Interludio I

A Bokuto Kotarou,
Me alegro de que haya llegado con bien al campamento. Nunca me he subido a un tren, pero por cómo lo describe suena como una fantástica experiencia.
Me siento mal porque tenga que llegar a un lugar que desentona tanto con su exorbitante alegría, pero como usted dice, estoy más que seguro que podrá propagar su alborozada aura a todos los allí presentes, incluyendo a su nuevo compañero.
Lamento si la carta es corta y desafecta, pero me temo que es la primera que escribo, netamente guiado por su petición antes de irse. Además, las paredes blancas y el silencio monótono de la habitación de hospital no me dejan transmitir lo mismo que solo una de sus palabras me hacen llegar.
Con cariño, Akaashi Keiji.

~•~•~

Levantó la mirada hasta las grises nubes que amenazaban silenciosamente la caída de una tormenta y se preguntó si las pequeñas personas que se veían desde la ventana del quinto piso traerían paraguas consigo.

—¿Qué pasa, Keiji? — Escuchó una suave risa a sus espaldas.— Si estás aburrido puedo llamar a tu padre para que venga a buscarte.

Volteó a verla con un movimiento tan callado como él mismo era. Lucía cansada, con unas ojeras y arrugas que nunca pensó que vería en una mujer que cuidaba tanto su apariencia, ya no llevaba la coleta que tanto la caracterizaba, sino que ahora traía sus cabellos tan cortos que ni siquiera rozaban sus hombros.

Entrecerró su mirada, apretando levemente sus labios para evitar decir algo que la hiriera. Es cierto que ir todos los días a esa imponente clínica terminaba por volverse una rutina que lo aburría de sobremanera, pero no quería decírselo.

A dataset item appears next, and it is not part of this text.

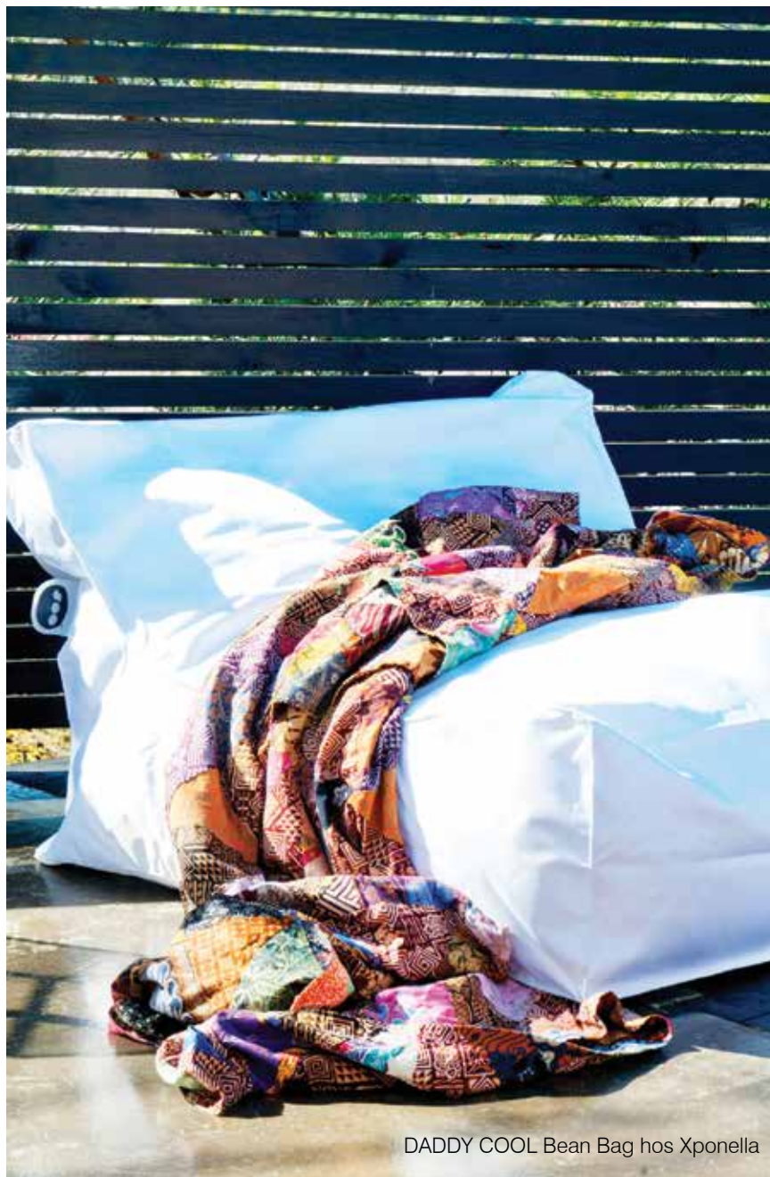
DADDY COOL Bean Bag hos Xponella

No cuando a sus jóvenes ojos de 10 años su mamá se estaba muriendo.

—Keiji— Lo volvió a llamar, palmeando suavemente un espacio en la cama— Ven aquí.

Él obedeció, como en realidad siempre hacía, y se sentó a su lado para después sentir las caricias sobre su cabeza. Se preguntó cómo podían aquellos finos dedos transmitir tanta tranquilidad y más en una persona en la que su reloj de vida parecía avanzar a pasos agigantados.

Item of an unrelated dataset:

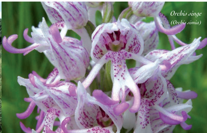
Orchis singe ( Orchis simia )
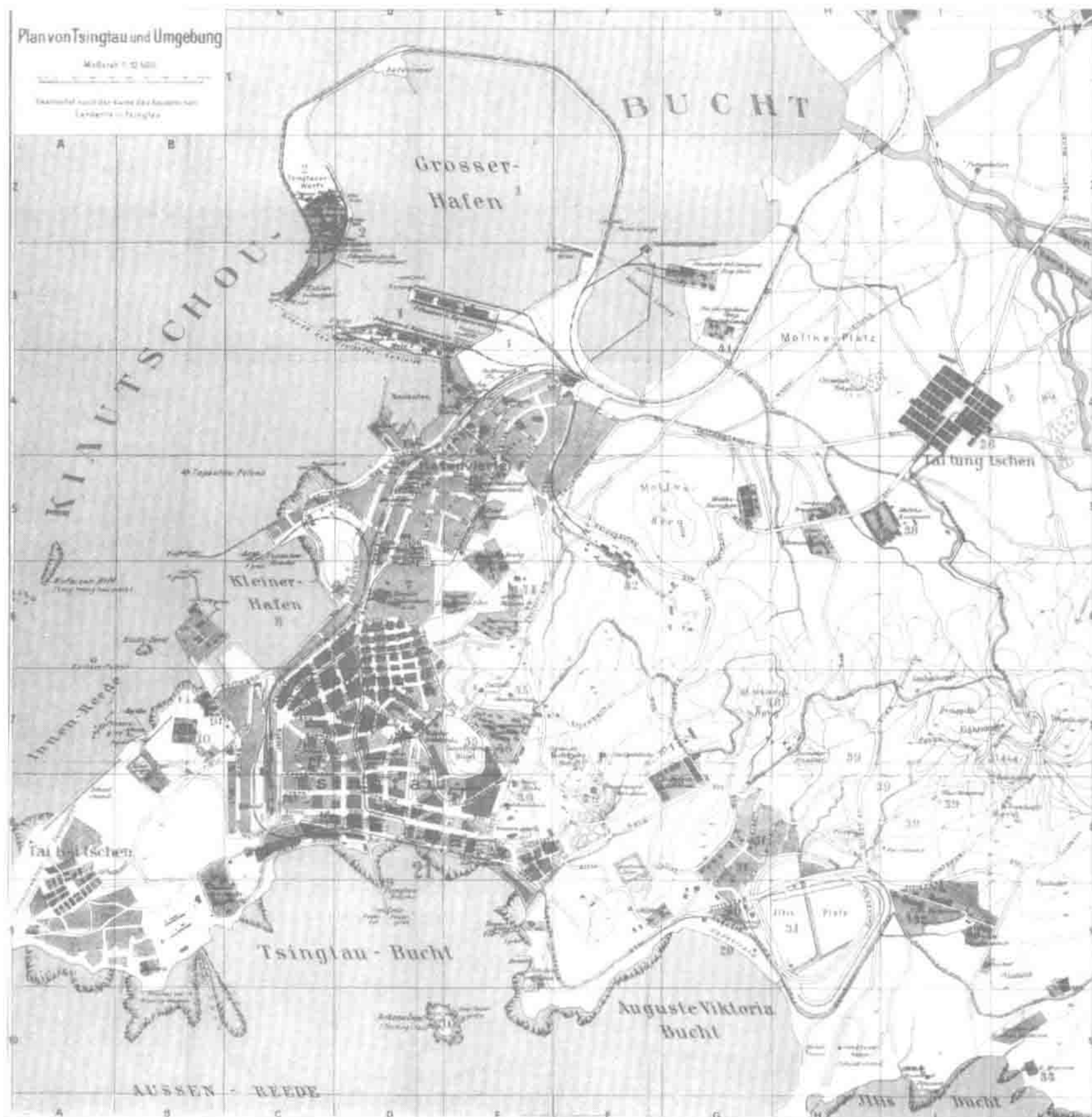
图 1-2 青岛及周边地图，1913 年

路以胶东主要城镇及青岛周边地名命名。北部道路呈方格状，南部两条斜向道路平行于霍恩洛厄街。商贸区位于欧人区西侧，向西一直延伸至胶济铁路，道路以德国主要海港城市命名。小工业区位于商贸区北侧，依托小港，紧靠铁路线，道路以中国北方地名命名（图 1-3）。

—Mamá— Se atrevió a llamarla con la vista aún puesta en las nubes grises fuera la ventana— ¿Por qué la muerte te tiene que llevar a ti y no a alguien más?

Ella frenó sus caricias unos segundos, para luego con delicadeza hacer que su hijo centrara su mirada en ella. El pequeño vio con curiosidad el brillo en sus ojos, pensando en qué los diferenciaba de los suyos a pesar de tener el mismo color.

—Dime, mi querido Keiji, ¿para ti qué es la vida?— Sonrió con dulzura a la espera de la respuesta de su único hijo.

El niño azabache hizo una tenue mueca pensativa hasta que pareció hallar una respuesta.

—Tal vez sea como las flores— Meditó— Todas tienen distintos colores y crecen en diferentes lugares, pero todas se terminan por marchitar...— Terminó susurrando.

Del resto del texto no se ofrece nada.